A conservative’s wet dream, the film is a snarky, half-witted piece of decently edited propaganda that parodies a liberal establishment that has marginalised Republicans for decades. 

For all its ostensibly manipulative editing and feeble argumentation against political correctness, Am I Racist? adopts the same patronising tone as Sacha Baron Cohen without exposing anything but the entitlement and racism of its makers. 

For any liberal person of colour, Am I Racist? is an agonising watch: a slice of bad filmmaking designed to absolve its audience of any guilt from unchecked privilege or latent racism. 

The fact that this is the most popular documentary of 2024 is no surprise. Am I Racist? is an emblem of Trump’s America: it’s a morally bankrupt hodgepodge of misinformation heavy on sensationalism and free of intellect.  

Progressivism and Trump 2.0

I couldn’t help but think of Am I Racist? in the aftermath of Trump’s return to power.

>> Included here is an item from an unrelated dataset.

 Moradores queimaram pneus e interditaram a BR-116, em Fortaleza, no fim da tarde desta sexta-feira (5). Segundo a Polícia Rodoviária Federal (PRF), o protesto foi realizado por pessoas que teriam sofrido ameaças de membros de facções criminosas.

For all its staunch efforts at diversity, its embrace of queer culture and growing woke attitude, the success of Am I Racist? and by default Trumpism was a slap in Hollywood’s face.

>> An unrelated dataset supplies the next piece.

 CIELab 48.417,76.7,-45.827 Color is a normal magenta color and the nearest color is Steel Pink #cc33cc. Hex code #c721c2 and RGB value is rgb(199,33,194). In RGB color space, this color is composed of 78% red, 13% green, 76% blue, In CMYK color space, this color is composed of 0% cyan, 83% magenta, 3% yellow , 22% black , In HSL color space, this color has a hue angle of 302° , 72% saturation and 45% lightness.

The liberal establishment’s waning influence has proven that it is not as powerful or impactful as the world believed it to be. 

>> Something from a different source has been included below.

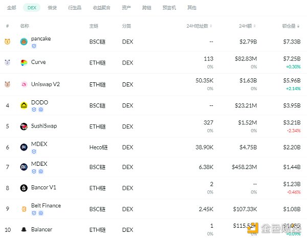 交易量排名前十的DEX 排名來源:DeFibox

Ink has been spilled over the failure of the Democratic Party and the potential impact of Gaza on the election results, yet little of note has been discussed about the failure of the liberal discourse in converting a nation increasingly mired in racism, and utter disdain for human rights and fundamental freedoms. 

For nearly a decade, Hollywood has prided itself on being a beacon of progressiveness after enduring years of criticism for its exclusion of people of colour.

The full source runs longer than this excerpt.